Danny Wuerffel led the Spurrier Gators to the 1996 national championship and, like his coach, was a Heisman Trophy-winning quarterback. Wuerffel is with the Redskins because Spurrier is comfortable with him and knows that Wuerffel excels in the academics of Spurrier's complex offense. Even so, against the Pats, Wuerffel was sacked five times and significantly blundered.

Spurrier's other quarterback option is Shane Matthews, who likewise played for him at UF. Wuerffel was so wobbly against New England that Matthews will start today against Arizona. I see no sign of either of them taking exclusive hold of the job.

Expect a shuttle. Spurrier constantly will be trying to find cool leadership and a hot passing hand from Wuerffel or Matthews. "Each week, I believe at least one of them will do okay," Spurrier, 57, said. "Some critics say it hurts a quarterback's feelings and confidence to bench him. Well, against the Patriots, it was clear I was doing Danny a favor by taking him out. He needed a relief pitcher."

Predictions are running strong in both directions on Spurrier regarding his NFL chances. Some analysts anticipate the $5-million-a-year Washington property will be a whopper flop. I disagree. Spurrier won at Duke where no other coach could. He's smart. He's as fierce a competitor as I have ever seen. He may struggle temporarily, but I expect eventual grandeur.

NFL operators came after Steve for 10 years. Dallas owner Jerry Jones called to see if Spurrier was interested in leaving the Gators for the Cowboys. No dice.

Spurrier came within a sunshine heartbeat of becoming Bucs coach in 1996. He stayed in Gainesville and won a national championship that year as Tampa Bay opted for Tony Dungy.

Ron Wolf, recently retired as Green Bay general manager, told me, "I have long thought Spurrier was the sharpest coach anywhere. I see him becoming a big winner. I tried three times to hire him." It was the big money and roaring promises of Redskins owner Dan Snider that finally prodded Steve into jumping.

"Scrutiny will be heavy," Spurrier said, "but I've been dealing with that for a long time. It doesn't bother me.

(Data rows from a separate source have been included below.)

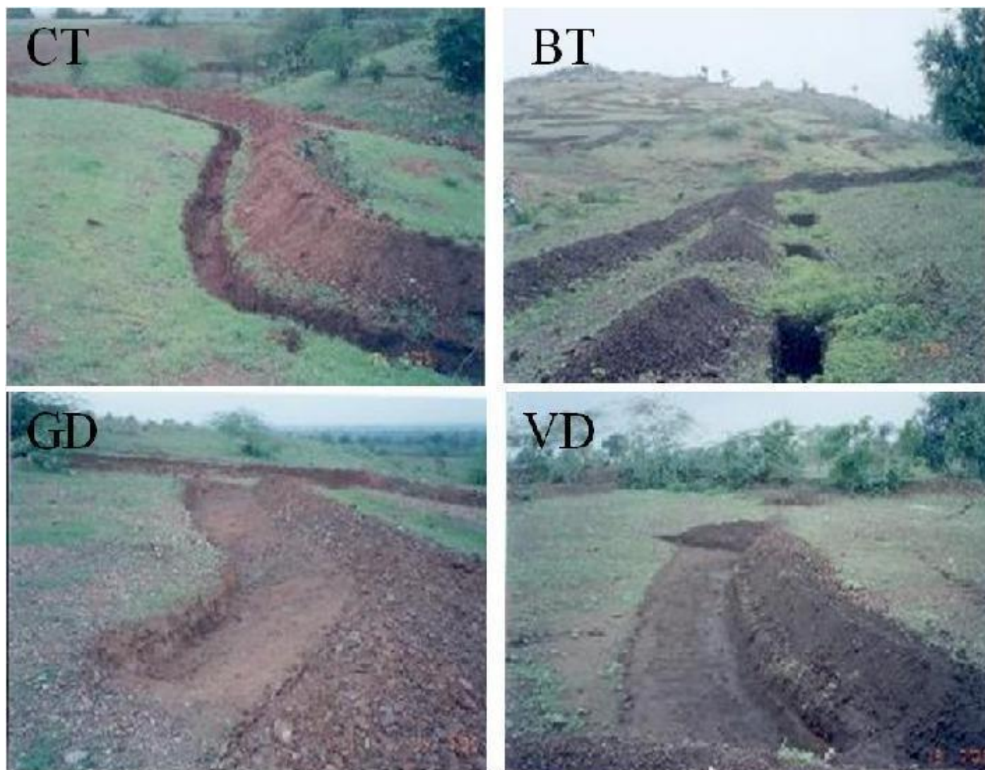
Figure 2. Rainwater harvesting devices applied under afforestation in degraded Aravalli, Rajasthan, India. CT, contour trench; BT, Box trench; GD, Gradonies; and VD, V-ditch.

0.40 cm collar diameter were planted in a pit of size 45 × 45 × 45 cm. There were three slope categories that is, <10% slope, 10-20% slope and >20% and five rainwater harvesting treatments plots replicated five times (distributed in about 17 ha area) to provide 75 plots.
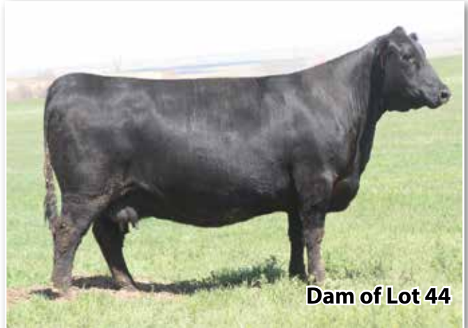
Dam of Lot 44
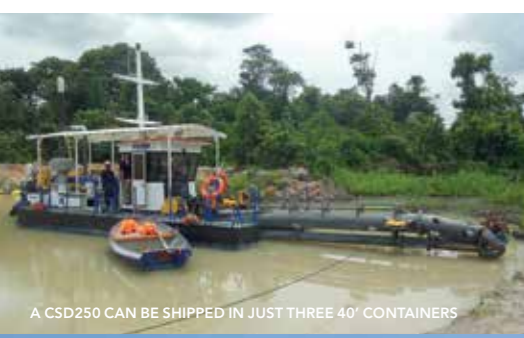
A CSD250 CAN BE SHIPPED IN JUST THREE 40' CONTAINERS
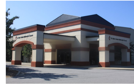
Rivers Street Campus (RSC)
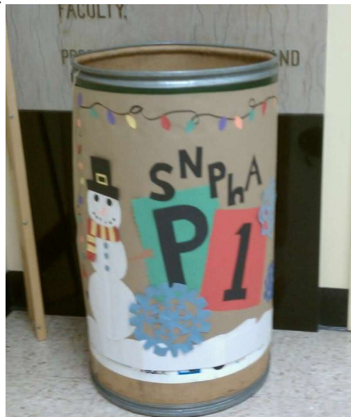
SNPhA members and non-members pitched in to help raise 300 pounds of food for SF Food Bank!

We hope you all are having a wonderful winter quarter and take some time to relax during spring break. See you next time!
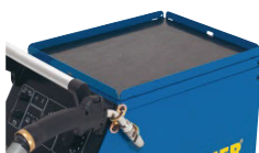
Protective rubber mat for tools
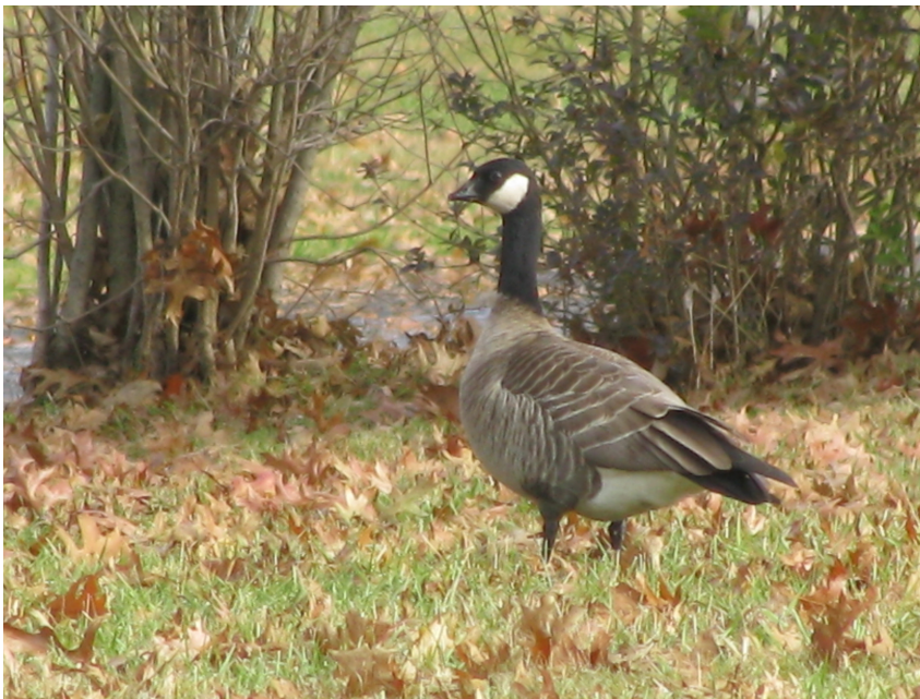
Cackling Goose, Whitehaven Cemetery, Cuyahoga Co., 11-7-2008

Canvasback. A single bird on 10/29 was Headlands' only report (RH).

"I'm just interested in what 53 players on our roster believe. Every indication is that they are very excited and think we can do some big things."

Offense is Steve's gig, but it will be defense that carries the Redskins this season. They have the best troika of linebackers in the league with LaVar Arrington, Jeremiah Trotter and Jessie Armstead.

Snider not only made Spurrier the NFL's highest-paid field commander, but he also hired former Baltimore Ravens defensive guru Marvin Lewis, architect of a Super Bowl champion, making him the league's highest-paid coordinator at $900,000 a year.

"It's bigger, faster, stronger football," Spurrier said of the NFL. "We're not as good as we're going to be.

"We had a great thing going for years at the Swamp in Gainesville, and I want the pro football version at FedEx Field. It's the biggest stadium in the league and should be the loudest ... and I hope, before long, the happiest."